Monday, August 22, 2011

Sri Lanka HNB debentures rated 'A+(lka)'

Aug 22, 2011 (LBO) - Fitch Ratings Lanka has assigned Hatton National Bank's (HNB) proposed subordinated debentures of up to 2.0 billion rupees a national long-term rating of 'A+(lka)'.

The issue is rated one notch below HNB's national long-term rating reflecting its debt-like features, a statement said.

The proposed debentures, to be listed on the Colombo Stock Exchange alongside HNB's other listed and rated debentures, will have a maturity of 10 years with principal repayment as a bullet payment on maturity.

Coupon payments will be semi-annual at a fixed rate and do not contain any deferral clauses.

As at June 2011, HNB's tier I and total capital adequacy ratio (CAR) was 9.13 percent and 10.3 percent, at the bank level.

"The subordinated debenture issue will increase HNB's regulatory Tier 2 capital from 2.7 billion rupees as at June 2011 to 4.7 billion rupees and enable the bank to better match projected growth in its housing loan book," Fitch Ratings said.

Fitch estimates that the bank's total regulatory CAR would incrementally rise by about 0.87 percent after the issuance in June 2011, excluding un-audited profit for the six-month period ended June 2011 and the subsequent rights issue announced by the bank.

"However under Fitch's criteria, these securities will receive zero equity credit as they do not allow for going-concern loss absorption," it said.

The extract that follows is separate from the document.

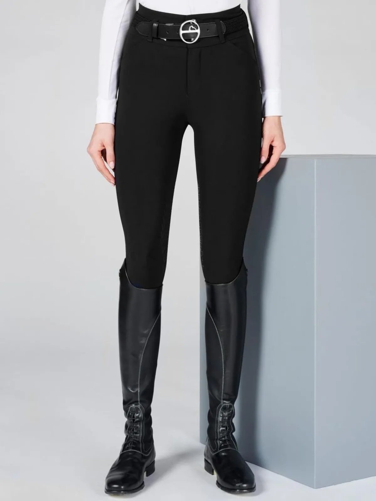 Ridebukser med høyt midje og kne grep laget av TK-stoff, et lett bi-elastisk materiale designet for å gi utmerket ytelse og støtte utøverens prestasjoner til enhver tid!
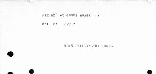 //// Jag är' et Jesus säger ... //// Se: Zz 1827 h //// KB:S SKILLINGTRYCKSREG. ////

"By itself, further expected strong growth at the bank will result in a weakening of its capitalisation, as per the agency's measures."

Fitch noted that HNB's loan book steadily increased by 19 percent in 2010 from a year ago and the first half of 2011 as the post-war domestic economy improved.

It shrank by five percent in 2009 similar to other banks.

About 42 percent of HNB's loan book comprised corporate loans, with retail/consumer loans and SME loans accounting for 29 percent and 13 percent at end-December 2010.

At the same time, housing loans, leasing and pawning (gold-backed loans) accounted for nine percent, seven percent and 13 percent of loans. Pawning was included under consumer loans.

HNB's current and savings account improved in 2010, accounting for 54.2 percent of total deposits as at end-December 2010 (46.5 percent as at December 2009).

The comparative figure as at June 2011 was 50.3 percent.

"This secular change in HNB's deposit mix will be positive to HNB's overall net interest margins," Fitch said.

HNB is a licensed commercial bank in which the government of Sri Lanka, entities related to the Stassen Group (excluding CBD Exports) and the Browns Group held 27 percent, 18 percent and seven percent of voting equity at December 2010.